CREATIVE SOLUTION | The 100 Mile Diet is becoming the 100 Foot Diet as increasing numbers of urbanites turn to growing and raising food in their backyards. Many of them will discover, however, that there’s a reason for leaving food production to farmers—it’s a serious amount of work.
Mark Johnston has a huge incentive to reduce the labour in his spacious West Vancouver garden. With every square inch of his property not occupied by the house under cultivation, he tries to make the garden not only attractive but also as productive, self-sustaining and low maintenance as possible.

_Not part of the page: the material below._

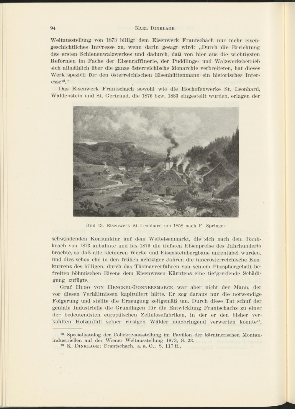 72 Specialkatalog der Collektivausstellung im Pavillon der kärntnerischen Montanindustriellen auf der Wiener Weltausstellung 1873, S. 23.
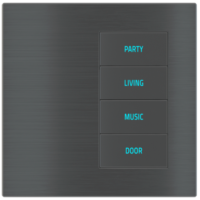 Čtyřnásobné tlačítko řady Ekinex® 20venti se používá k ovládání zapnutí/vypnutí užitkových zařízení, stmívání svítidel, ovládání motorických pohonů rolet nebo jiných programovatelných řídicích funkcí. Díky integrovanému teplotnímu čidlu může tlačítko fungovat jako regulátor teploty v místnosti nebo zóně. RGB LED pro každé tlačítko. Spínač má integrovaný komunikační modul sběrnice KNX a je určen k instalaci do krabice pro zapuštěnou montáž do zdi.

Even the chickens do double duty. A practical person, Johnston got hens because, apart from laying eggs, they also supply the garden with fertilizer. “I was worried about soil fertility and didn’t want to have to purchase manure,” he says. And he doesn’t even have to shovel it, thanks to an ingenious device called a chicken tractor. Chicken tractors are pens that can be moved from place to place and often have wheels on one end, which is why they are called tractors. The pens protect the chickens but have no bottom so the occupants can forage for plants and insects directly on the ground while depositing manure at the same time.
There are various designs for chicken tractors. Johnston’s are built to exactly fit on top of raised beds to which they are attached with eye hooks. They are covered in heavy-gauge wire and include a nesting box where the hens retire at night. Because the tractors are so sturdy and attached to the raised beds, predators are no problem, says Johnston, “although a bear could definitely get into one.”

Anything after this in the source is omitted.